O ato de constranger alguém mediante violência ou grave ameaça segue sendo rotina nas denúncias de violações praticadas por agentes do Estado em muitos espaços institucionais onde há relação de poder e vulnerabilidade em razão do cerceamento do direito de ir e vir. Por exemplo, estabelecimentos relacionados com segurança pública (como penitenciárias, delegacias, hospitais de custódia e tratamento psiquiátrico e instituições socioeducativas), acolhimento de pessoas, locais de tratamento de saúde, entre outros.
Apesar de não haver dados nacionais a respeito, tenho a impressão de que um grande número de brasileiros vê a tortura com certa simpatia.
A prática da tortura no Brasil está muito caracterizada como ocorrência do período ditatorial recente. De uma certa forma, a prática da tortura passou despercebida para uma sociedade jovem e de meia idade que ingressou no mundo adulto em tempos de estado democrático de direito, que não vive sob o discurso da segurança nacional como razão para justificar quaisquer práticas de controle, dentre elas a tortura. Parece que a tortura se atualizou e a sua prática tornou-se ferramenta para garantir a segurança pessoal e, de uma forma invertida, passa a ser justificada pela ótica da reparação de uma transgressão à lei.
Informações que são costumeiramente veiculadas pelos meios de comunicação, bem como algumas pesquisas sobre violência no país, têm sugerido certa tolerância da população quando as práticas de tortura são utilizadas como forma de resposta a ações violentas, especialmente aquelas de repercussão nacional. Destaca-se a recente pesquisa feita pelo Núcleo de Estudos da Violência da USP, que demonstrou que, para obter informações em determinados casos, a polícia estaria autorizada a cometer certas violações como bater, privar de alimentação e água, ameaçar, bem como dar choques e provocar queimaduras.
Considerando isso, quais são os maiores entraves para banir a tortura do país?

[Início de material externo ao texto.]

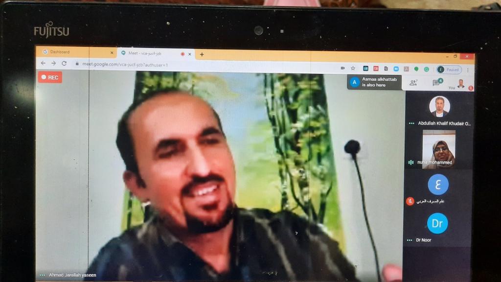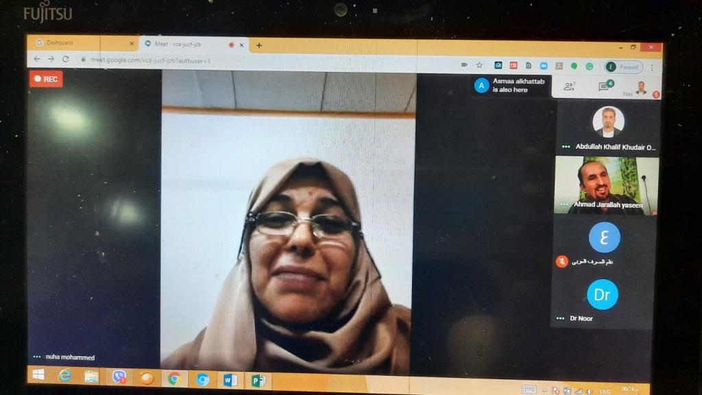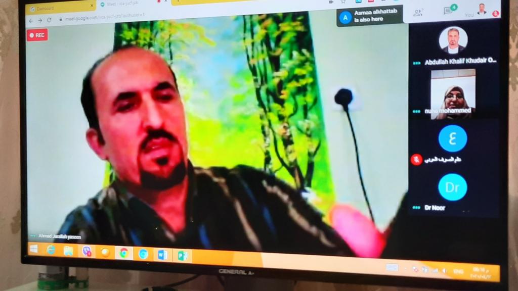 عقدت اللجنة العلمية في قسم اللغة العربية في كلية الآداب اجتماعها الكترونيا يوم الأحد الموافق 12/ 4/ 2020 في الساعة السادسة مساء عن طريق برنامج Google meet ، واستغرق الاجتماع ساعتين ، وحضر الاجتماع كلّ من :1- أ. د. احمد جارالله ياسين / رئيس اللجنة2- ا. د. نوار عبدالنافع الدباغ3- أ.م. د. اسماء سعود ادهام4- ا. م. د. نهى محمد عمر5- ا. م .د هلال علي محمود6- ا. م. د. عبدالله خليف خضروناقشت اللجنة العلمية جملة كبيرة من المسائل وخرجت بالقرارات الاتية :أولا – الموافقة على عناوين تسجيل البحوث المستلة الاتية :1- التواصل اللغوي – دراسة في الافتراض المسبق في نقائض بدر بن عامر وابي العيال .( بحث مستل ) ، نور وليد عبد ، أ . م . د. أحمد ابراهيم خضر2- التواصل السياقي / دراسة الصيغ الصرفية في نقائض صخر وأبي المثلم ، نور وليد عبد ، أ . م . د. أحمد ابراهيم خضر ( بحث مستل )3- الرمز والترميز في أدب الطفل / الظل والحرور لعبدالله عيسى السلامة أنموذجا .، أيمن خالد صالح ، أ . م . د. أحمد عدنان حمدي ( بحث مستل )4- حديث الثلاثة من بني اسرائي ( أبرص / أقرع / أعمى ) قراءة بلاغية ، علي ذنون يونس ، أ. م. د أسماء سعود خطاب ( بحث مستل )5- من كتاب ابن خالويه ( ت 370 هـ ) إلى كتاب البصروي ( ت 889 هـ ) في إعراب الثلاثين .دراسة موازنة .(بحث مستل) ا. م. د. نوفل علي مجيد ، أ . د. عبدالوهاب محمد علي العدواني6- الدلالة الاحتمالية في آيات الجزاء ( جزاء الكافرين أنموذجا ) ( بحث مستل ) اليمامة حازم هايس ، أ. م. د. نوار محمد اسماعيل7- أثر الاستبدال في الاتساق في الاتساق النصي . (بحث مستل) أ.د. عماد عبد يحيى ، أ. م. د. عبدالله خليف خضر8- آليات التماسك النصي في القرآن الكريم / علم المناسبة سورة النمل (أنموذجا ) .بحث مستل) ، أ.د. عماد عبد يحيى ،أ. م. د. عبدالله خليف خضرثانيا – الموافقة على تسجيل عنواني الكتابين المقدمين بوصفهما نشاطا علميا وهما : 1ـ ( أبو عبدالله الحميدي وكتاب جذوة المقتبس) للأستاذ الدكتور حازم عبدالله خضر – رحمه الله – تقديم ومراجعة : أ. د. يونس طركي سلوم2ـ الصوت وظلاله الخضر ( قراءة نقدية في شعر ستار عبدالله ) أ . م. د. إخلاص محمود عبدالله .ثالثا – الموافقة على تسجيل عنواني الورقتين النقديتين :أـ ( البلاغة العربية والاسلوبية ) أ. م. د. عبدالله خليف خضرب. (الفكر الاسلوبي عند عبد القاهر الجرجاني نظرية التلقي انموذجا) .ا. م. د. اسماء سعود ادهامرابعا – وافقت اللجنة على تسجيل البحوث الآتية :1- مرجعيات الشخصيات في رواية الشمعة والدهاليز للطاهر وطار .، د. سروة يونس أحمد2- دلالة الاسم الشخصي في مجموعة ( خريف لايؤمن بالاصفرار للشاعر جاسم محمد جاسم) . ، د. اخلاص محمود عبدالله .3- ملامح الحزن في شعر الشريف المرتضى ( 355 هـ ). ا. م. د. حمد محمد فتحي4- الفاعلية الجمالية في شعر ربيعة الرقي ( 189 ه ) ا. م. د. حمد محمد فتحي5- الفنون البديعية في كتاب رياض الصالحين للنووي ( ت 676 ه ) نماذج مختارة ، أ.م. د. آلاء أحمد حسن6- الموازيات النصية لمقالات محمود درويش ( يوميات الحزن العادي ) ، د. جنان عبدالله يونس7- الحجاج في قصيدة ( أزجرت الفؤاد منك الطروبا لعبدالله بن قيس الرقيات) ، د. خالد فارس خليل .8- سيميائية الخلاص في قصيدة هناك رحلات للشاعر سركون بولس . ، د. ريم محمد طيب ، أ . م. د. محمود خليف خضر9ـ دلالة جمعي المذكر السالم والمؤنث السالم في جزء عم / دراسة تحليلية. د. زهراء خالد سعدالله / سهام لطيف رشيد / رؤى مهنا يحيى .

Com sistema de justiça criminal e segurança pública implementado, os 15 anos da Lei 9.455/97 (que tipifica o crime de tortura), ainda são frágeis os recursos que garantem a proteção às pessoas que se encontram vulneráveis por se estarem privadas de liberdade, bem como a responsabilização dos perpetradores.

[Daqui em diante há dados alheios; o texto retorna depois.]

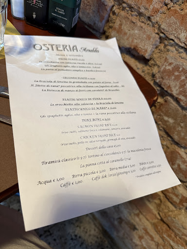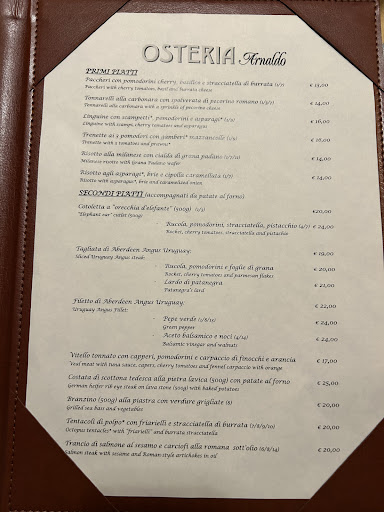 L'Osteria Arnaldo è una vera gemma. Situata in una posizione incantevole, questo ristorante riesce a coniugare il fascino rustico e accogliente dell'osteria con un servizio impeccabile. Ogni piatto è un'esperienza culinaria straordinaria. I primi sono un tripudio di sapori, con pasta che si scioglie in bocca, mentre i secondi piatti, che includono carni succulente e pesce fresco, sono cucinati con maestria e passione dallo chef. Anche i dolci, semplici ma sofisticati, rappresentano il perfetto finale per un pasto da ricordare. Il servizio è attento e cordiale, con il proprietario Henry e il personale che sa consigliare il vino giusto per ogni piatto, accompagnando gli ospiti in un viaggio sensoriale che rende ogni visita unica. L'atmosfera è calda e familiare, ideale per una cena in compagnia o una serata speciale. Quando si entra all'Osteria Arnaldo, si ha la sensazione di essere trattati come parte della famiglia, e la qualità del cibo e del servizio non fa che confermare questa impressione. Un'esperienza che ogni amante della buona cucina dovrebbe vivere almeno una volta, e che sicuramente ti farà tornare per goderti ancora una volta le sue prelibatezze....

É necessária a criação de mecanismos e equipamentos que possibilitem um melhor monitoramento e controle externo social de lugares de privação de liberdade, em especial aqueles que possuem características de instituições totais. Baseados em relatórios de observadores internacionais, também verificam-se recomendações sobre o devido acesso à Justiça como entrave na consolidação de proteção e combate a violação de direitos.

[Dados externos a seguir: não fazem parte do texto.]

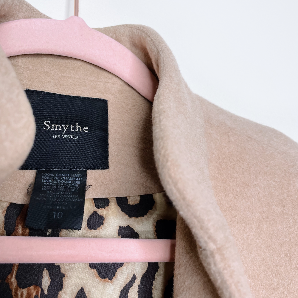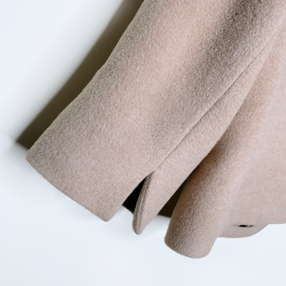 Item Description: A classic bolero shape, this cropped jacket from Smythe les Vestes is made with 100% camel hair, and features two front pockets and 3/4 sleeves with a standing collar and open silhouette. 100% camel hair, 100% silk lining
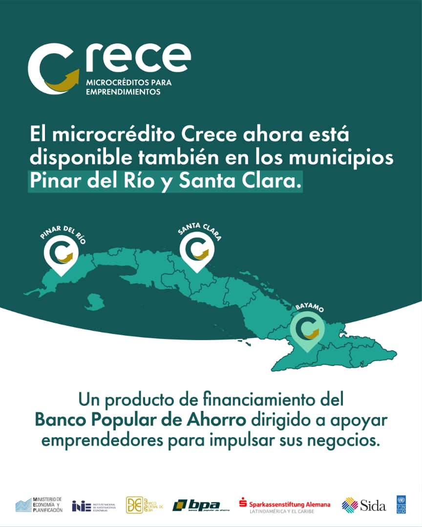 De manera oficial se lanzó en la provincia de Villa Clara el microcrédito Crece, un producto financiado por el Banco Popular de Ahorro, y diseñado de conjunto con el Banco Central de Cuba (BCC), los gobiernos territoriales y el Programa de las Naciones Unidas para el Desarrollo (PNUD), con la asistencia técnica de la Fundación de las Cajas de Ahorro Alemana.

Por que é importante aprovar o PL n.º 2.442/2011?
O PL 2442/11 introduz dois novos conceitos para a estruturação de uma política de prevenção e combate à tortura, além de recompor o Comitê Nacional de Prevenção e Combate à Tortura. São eles:
– O Sistema Nacional de Prevenção e Combate à Tortura. Ou seja, a estruturação de uma rede integrada e articulada de órgãos e entidades públicas e privadas para promover, pelo controle externo, a defesa das pessoas privadas de liberdade, em especial, para prevenir a prática da tortura, assegurando a dignidade da pessoa humana;
– E o Mecanismo Nacional de Prevenção e Combate à Tortura, prevendo a criação de instrumento de características de autonomia, composto por 11 peritos, com a prerrogativa de visitar locais de privação de liberdade para prevenir a tortura (e não somente reagir à sua ocorrência) por meio do monitoramento regular e periódico dos locais de privação de liberdade.
É importante destacar que a sua atuação volta-se, exclusivamente, para a política de prevenção à tortura pelo monitoramento dos locais de privação de liberdade, relatórios de visitas, recomendações às autoridades públicas ou privadas, buscando o diálogo e uma ação propositiva para a construção de estruturas de proteção aos direitos humanos das pessoas nestes locais.